◆ Work task
Repeat exactly the lines running from the first line of the data to the line containing "Provide the vCenter", both ends included, and nothing else; drop the pictures.

◆ Data extracted from a collection
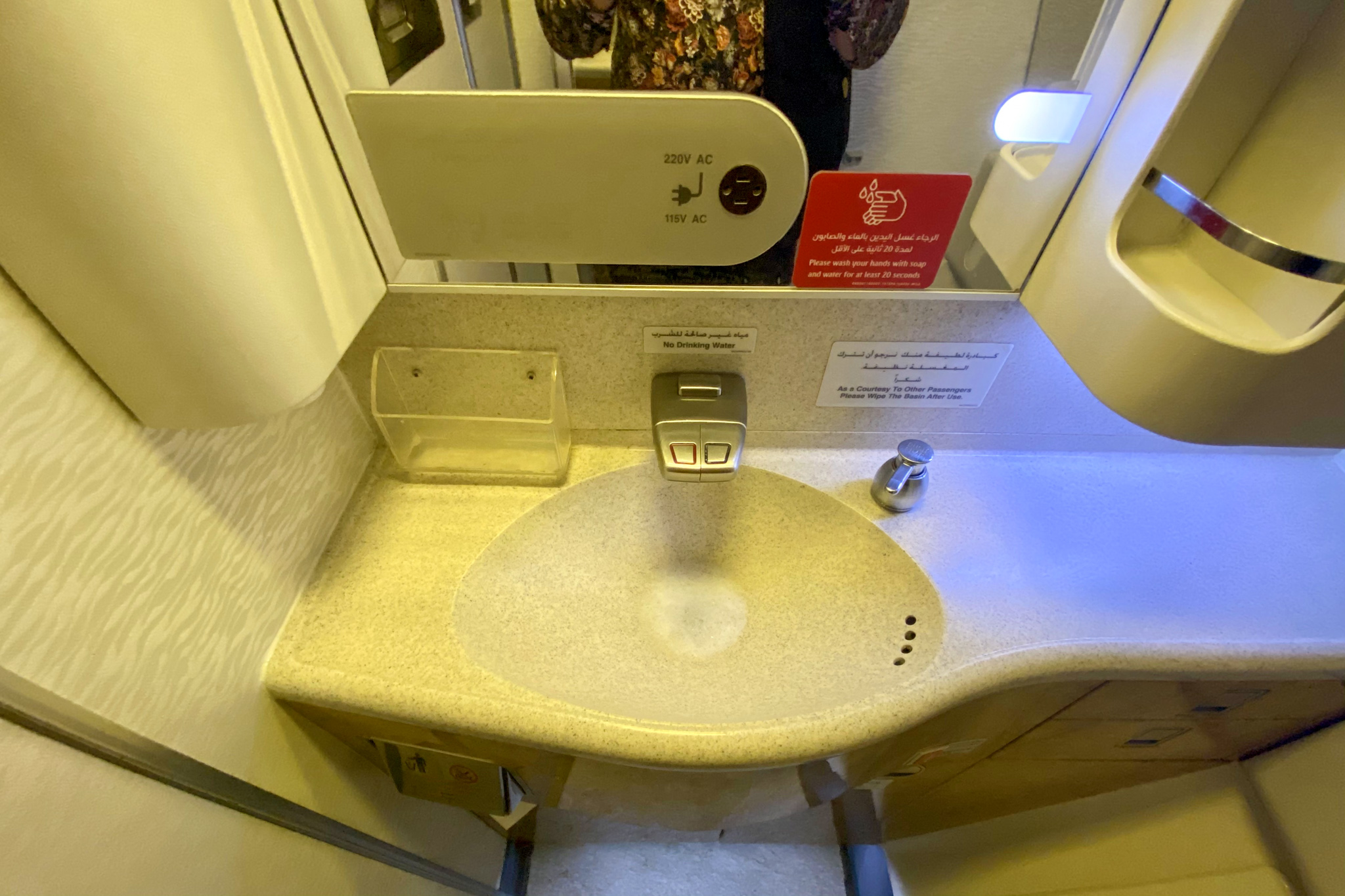 Given the extent to which Emirates has been offering in-flight service close to the pre-pandemic standards, I was a little surprised to see that the in-restroom amenities, like the soft towels or Bulgari cologne, were absent.
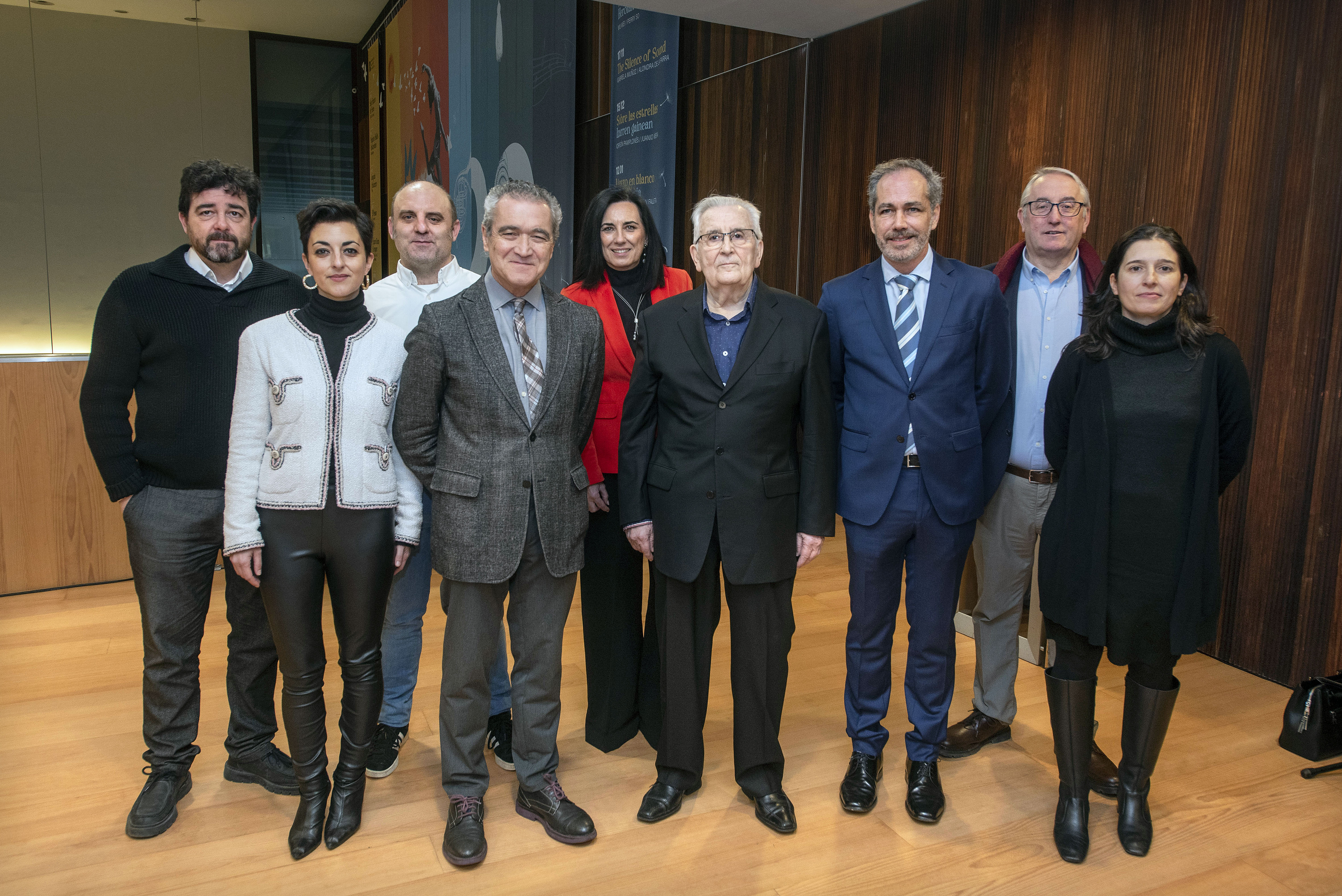 Alcalde citó muchos nombres, los de aquellas personas que le habían iniciado en la profesión y también los de aquellos que se habían iniciado con él en la arquitectura en ese primer estudio que abrió en el centro de Pamplona. Patxi Alcalde hizo así un recorrido por lo que había sido sus 60 años de trabajo profesional: edificaciones, proyectos, cálculos de estructuras, patentes, su labor en el colegio profesional, sus viajes, su hijo arquitecto… ‘Todavía no he hecho más que trabajar, trabajar y trabajar… pero eso me ha hecho feliz. Es una profesión maravillosa, que engancha, que te da vida…’
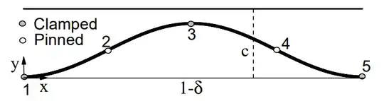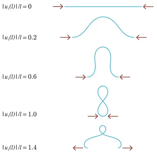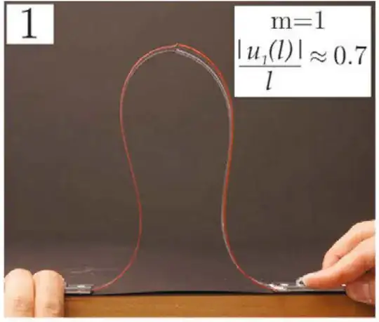 Elastica solutions typically involve elliptic integrals, whereas the bell curve is described (arguably more simply) by an exponential. Symmetry arguments here allow the first mode of the clamped–clamped elastica to be divided into four segments of the pinned–pinned case image source:
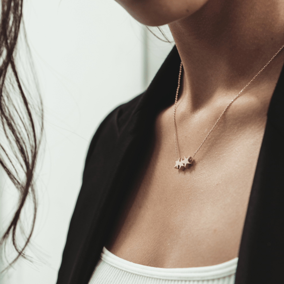 A delicate fine chain gold bracelet from Betty and Biddy with a trio of star charms.
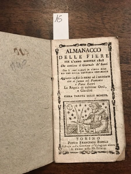 Almanacco detto delle fiere per l'anno bisestile 1808 che contiene il Giornale de' Santi, il levare del sole, le lunazioni, le fiere, ed i mercati che si fanno nel Piemonte, la regola per coltivar orti e giardini, e la tariffa delle monete
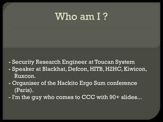 The document summarizes the Post Memory Corruption Memory Analysis (PMCMA) tool. PMCMA allows finding and testing exploitation scenarios resulting from invalid memory accesses. It provides a roadmap to exploitation without generating exploit code. The tool analyzes programs after crashes to overwrite memory locations in forked processes and test impact on execution flow.
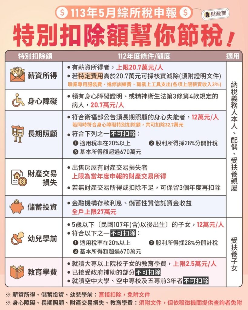 - 特別注意:「所得稅新制」的適用為2025年申報期間(申報113年所得),今年並不適用。
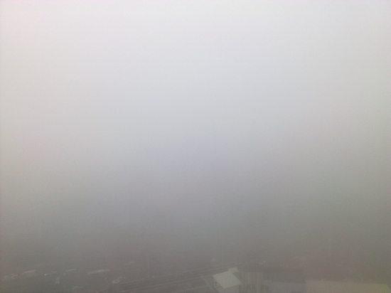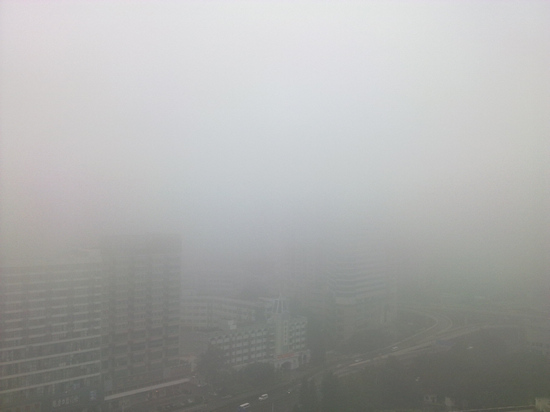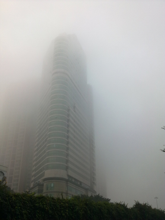 今天早上所拍,先是楼上往下看,对面楼都没了影,整个城市仿佛都消失了.
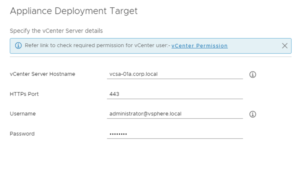 Provide the vCenter details and click next. In my case i used the administrator account. A detailed list of permissions needed for deployment can be found here
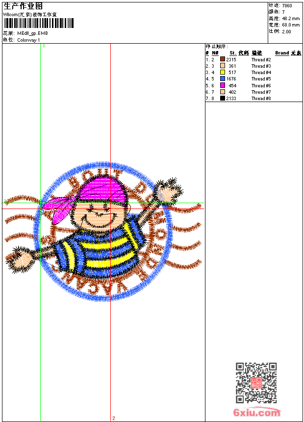 - emb花版参数: 大小:46.50 KB / 尺寸:68*48[毫米] / 针数:7860针 / 线色:7 / 格式:emb / 版本:9
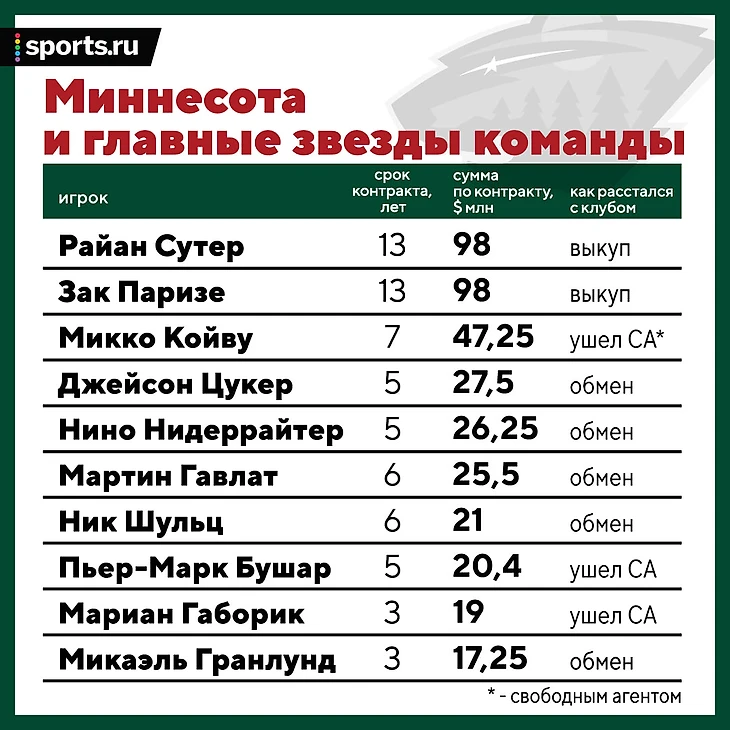 Тем не менее, Капризова можно понять: клуб за одно лето потерял двух защитников основы (Суси и Сутер), забил платежку выкупом двух звездных ветеранов, а в межсезонье набрал средних игроков и выписал чек на 5 млн Алексу Голигоски. К тому же лучшим центром команды остается Эрикссон-Эк, а Марко Росси перенес ковид в тяжелой форме с осложнениями на сердце и не очень понятно, сможет ли талантливый центр вообще играть в хоккей. Не забывайте, что до сезона-2025/26 мертвый кэпхит команды будет составлять 14 млн за сезон – с учетом того, что потолок зарплат в ближайшие годы вряд ли сделает серьезный скачок, клуб Капризова три года будет играть с урезанной кепкой, без звезд и серьезных перспектив сыграть хотя бы в финале конференции.

◆ Reply to the exercise
 Given the extent to which Emirates has been offering in-flight service close to the pre-pandemic standards, I was a little surprised to see that the in-restroom amenities, like the soft towels or Bulgari cologne, were absent.
 Alcalde citó muchos nombres, los de aquellas personas que le habían iniciado en la profesión y también los de aquellos que se habían iniciado con él en la arquitectura en ese primer estudio que abrió en el centro de Pamplona. Patxi Alcalde hizo así un recorrido por lo que había sido sus 60 años de trabajo profesional: edificaciones, proyectos, cálculos de estructuras, patentes, su labor en el colegio profesional, sus viajes, su hijo arquitecto… ‘Todavía no he hecho más que trabajar, trabajar y trabajar… pero eso me ha hecho feliz. Es una profesión maravillosa, que engancha, que te da vida…’
 Elastica solutions typically involve elliptic integrals, whereas the bell curve is described (arguably more simply) by an exponential. Symmetry arguments here allow the first mode of the clamped–clamped elastica to be divided into four segments of the pinned–pinned case image source:
 A delicate fine chain gold bracelet from Betty and Biddy with a trio of star charms.
 Almanacco detto delle fiere per l'anno bisestile 1808 che contiene il Giornale de' Santi, il levare del sole, le lunazioni, le fiere, ed i mercati che si fanno nel Piemonte, la regola per coltivar orti e giardini, e la tariffa delle monete
 The document summarizes the Post Memory Corruption Memory Analysis (PMCMA) tool. PMCMA allows finding and testing exploitation scenarios resulting from invalid memory accesses. It provides a roadmap to exploitation without generating exploit code. The tool analyzes programs after crashes to overwrite memory locations in forked processes and test impact on execution flow.
 - 特別注意:「所得稅新制」的適用為2025年申報期間(申報113年所得),今年並不適用。
 今天早上所拍,先是楼上往下看,对面楼都没了影,整个城市仿佛都消失了.
 Provide the vCenter details and click next. In my case i used the administrator account. A detailed list of permissions needed for deployment can be found here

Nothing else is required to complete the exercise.